A) Boxplot of RNA expression levels for a control gene set, E-reg genes, and SE-reg genes. Control peaks were a set of genes of the same number as the E-reg gene set that was randomly selected from genes that were not part of the E-reg or SE-reg gene sets. B) Density plot showing the distribution of H3K4me3 breadth values for control genes, E-reg genes, and SE-reg genes. * = p < 0.05, ** = p < 0.01, *** = p < 1e-10 by Wilcoxon rank sum with Bonferroni correction.

Figure 3. H3K4me3 breadth is dynamically regulated at gene promoters in CA1 neurons by CFC.

A) Tracks of representative genes increasing in H3K4me3 intensity (top) and breadth (bottom) with context and context plus shock relative to naïve. Scale is normalized across conditions by sequencing library size, and data was binned into 20 base pair windows. Horizontal black line marked 1 kb gives scale for all gene tracks. B) Metagene profiles averaging signal of H3K4me3 across all significantly activated genes relative to naïve from RNA-seq in context (top) or context + shock (bottom). C) Metagene profiles of H3K4me3 signal in naïve mice at genes that become activated in context or context plus shock relative to a control group of genes that was randomly selected from genes with no significant expression change in RNA-seq.

Figure 4. Genes exhibiting increased H3K4me3 breadth with CFC are learning-related and highly induced.

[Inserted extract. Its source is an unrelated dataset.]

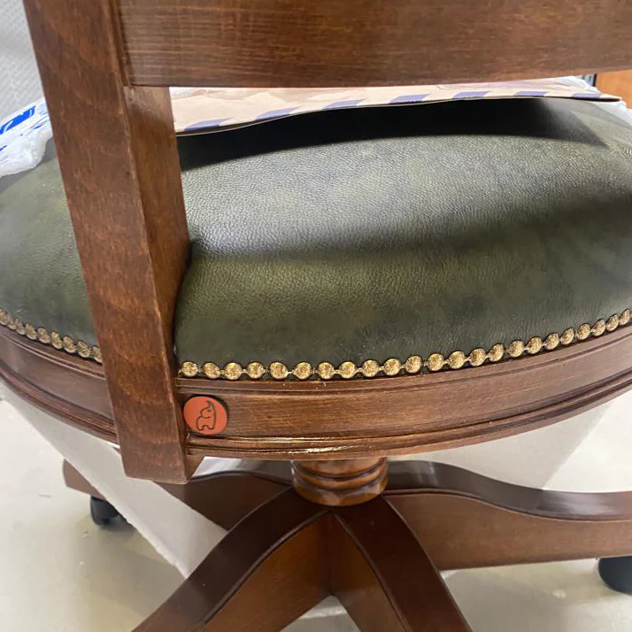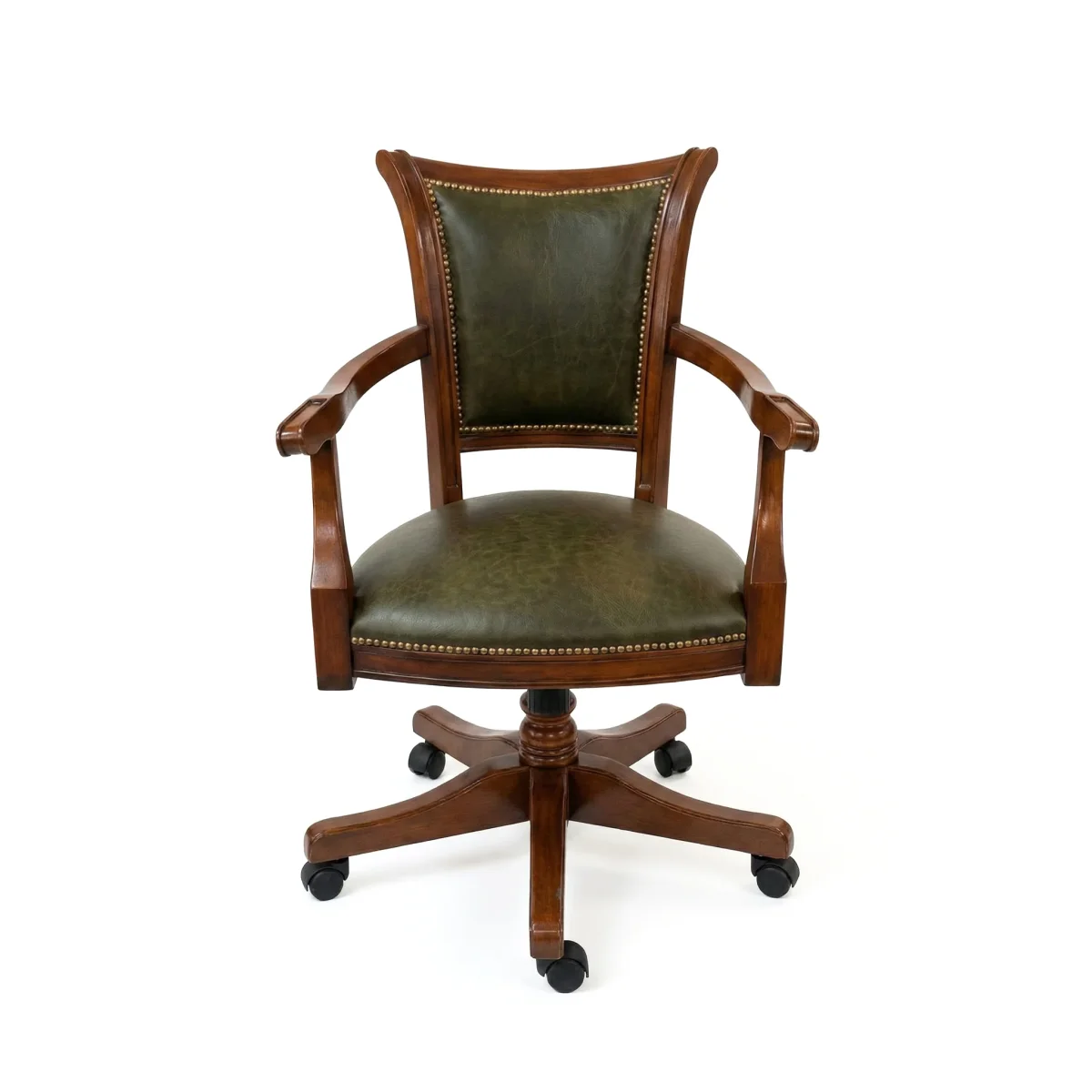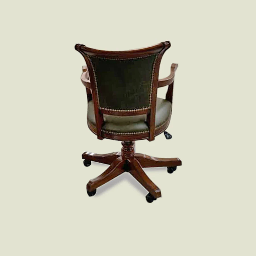 Poltrona Classica Girevole da Studio su Ruote in Legno Massello e Vera Pelle – Arte

A) Boxplots of expression changes relative to naïve for broad and broadening genes, sharp and more intense genes, and a control gene set of the same size. B) GO analysis of broad and broadening and sharp and more intense gene sets for context (top) and context plus shock (bottom) conditions. Biological process (BP) terms meeting significance level of Bonferroni-corrected p < 0.05 are shown. Heatmaps reflect −log10 of Bonferroni-corrected p-value. C) Bar plots of agreement between broad and broadening genes with context or context plus shock relative to naïve. If context or context plus shock peak breadth was less than 25 base pairs different up or downstream of the naïve peak boundary, it was classified as not different. ** = p < 1e-9, *** = p < 1e-15 by Wilcoxon rank sum with Bonferroni correction.

Figure 5. H3K4 methyltransferases Kmt2a and Kmt2b globally regulate H3K4me3 breadth in hippocampal neurons.

A) Density plots of H3K4me3 breadth for all genes in control, Kmt2a cKO, and Kmt2b cKO mice. B) Genes with significant narrowing of H3K4me3 breadth in Kmt2a cKO (top right panel) or Kmt2b cKO (bottom right panel) relative to control mice (left panels). C) Density plots of H3K4me3 intensity in control, Kmt2a cKO, and Kmt2b cKO mice. D) Breadth of peaks in control mice that narrow after cKO of Kmt2a or Kmt2b. E) Overlap of genes that narrow after cKO of Kmt2a or Kmt2b and genes that broaden in context or context plus shock relative to naïve. *** = p < 1e-15 by Wilcoxon rank sum.